Pope Francis calls for ecological concern in his Pope Video.
YouTube screenshot

Aug 30, 2024
VATICAN CITY (LifeSiteNews) — This September, Pope Francis has urged members of the Catholic Church to “pray for the cry of the Earth” and “the victims of environmental disasters and the climate crisis.”

“We pray that each of us will listen with the heart to the cry of the Earth and the victims of environmental disasters and the climate crisis, committing ourselves personally to guarding the world we inhabit,” the Pope’s prayer intention for September begins.

Each month a prayer intention and accompanying video is posted by the Pope Video network, in which Pope Francis issues a specific prayer intention for the coming weeks.

To coincide with the month-long period designated as the “Season of Creation,” which runs from September 1 through October 4, Francis’ September intention focusses on ecological issues.

Entitled “for the cry of the earth,” the papal message remarks that “if we took the planet’s temperature, it will tell us that the Earth has a fever. And it is sick, just like anyone who’s sick.”

“But are we listening to this pain? Do we hear the pain of the millions of victims of environmental catastrophes?” it adds.

However, numerous scientific experts, such as Nobel Prize winner Dr. John Clauser of the CO2 Coalition, have refuted mainstream alarmist climate claims, such as those promoted by Pope Francis, and denied that there is a “climate crisis.”

READ: Nobel Prize winner denounces alarmist climate predictions: ‘I don’t believe there is a climate crisis’

Continuing, Francis urged that people “commit ourselves to the fight against poverty and the protection of nature, changing our personal and community habits.”

In press release details accompanying the Pope’s video, the World Economic Forum’s climate statistics were cited to highlight Francis’ ecological message.

Echoing Francis’ message was Cardinal Michael Czerny SJ, prefect of the Dicastery for Promoting Integral Human Development, which was established by the pope in January 2017. “Creation is groaning,” said Czerny.

He linked the Pope’s call for ecological attention to personal freedom, stating that it is “only by liberating the Earth from the condition of slavery to which we have subjected it can we liberate ourselves as well, anticipating the joy of our salvation in Christ.”

Francis has made the topic of “climate change” a central one in the 11 years of his pontificate. He has also often invoked the term “ecological debt,” taking aim at wealthy or Western nations for allegedly disproportionately impacting “climate change.”

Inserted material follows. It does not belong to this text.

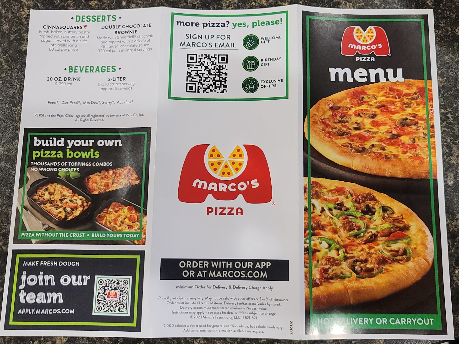 Read moreWhen I first had Marcos I was totally in love!! It was the best pizza ever the location I visited for the first time was in Duluth Ga. Moved to College Station and was so excited that they had their footprint here so I started ordering faithfully from delivery to dine in but slowly but surly the quality changed. I order from them on a Tuesday 6/9 for delivery the girl whom took my order marked it wrong for carry out instead of delivery. I called after 1 hours and 15min to ask where was my pizza? They said oh we marked it for carry out, I told her I specifically said delivery she goes ok let me get my manager. Places me on hold for almost 10min to come back and say the manager wasn’t there but they will send it out I asked will the pizza be a new one and wings she said yes, these people delivered us a pizza that sat out for over an hour on the counter!! The pizza wasn’t even hot I live 2 miles away no way it should have arrived cold. Not only that but we ended up getting sick. When I called to express my concern and how unhappy I was about this Jennifer the “manager” tries to cover it up and lie and say she was there that day and took my order and she know the food didn’t arrive cold!! What a joke!! I told her your lying I didn’t speak with you and either way someone’s lying and playing games. This locations quality has went down tremendously especially within the last 8 months and not too sure why but they rubbed me the wrong way to the point where I’m done the apology isn’t acceptable because the manager started off by lying and liars don’t deserve my...

Supporting his regular statements on the topic are his two lengthy texts. The first was Laudato Si’ issued in 2015, which gave rise to the Laudato Si’ Movement – a group aiming to “turn Pope Francis’ encyclical letter Laudato Si’ into action for climate and ecological justice,” as the mass divestment from “fossil fuels” is inspired by the Pontiff’s environmental writings.

The second papal text was Laudate Deum in 2023, in which Francis issued stark calls for “obligatory” measures across the globe to address the issue of “climate change.”

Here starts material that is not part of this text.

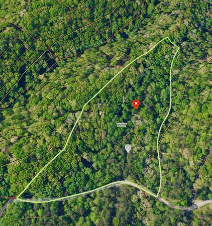 A trail or future driveway leads from the road frontage through maturing hardwood & spruce timber to a private, hilltop build site.
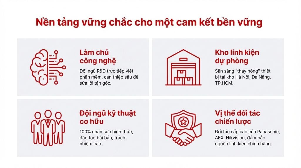 - Làm chủ công nghệ (R&D): Trực tiếp viết phần mềm nên có thể can thiệp sâu vào mã nguồn để sửa lỗi tận gốc, không phải chờ đợi hãng nước ngoài.

The Pope has also made numerous calls to action for global leaders to implement the pro-abortion Paris Climate Agreement, citing the “negative effects of climate change” and an “ecological debt” which required “climate finance, decarbonization in the economic system and in people’s lives.”

In a CBS TV interview earlier this year, Francis went so far as to state that the world was at a “a point of no return.”

“Global warming is a serious problem. Climate change at this moment is a road to death. A road to death, eh,” he said.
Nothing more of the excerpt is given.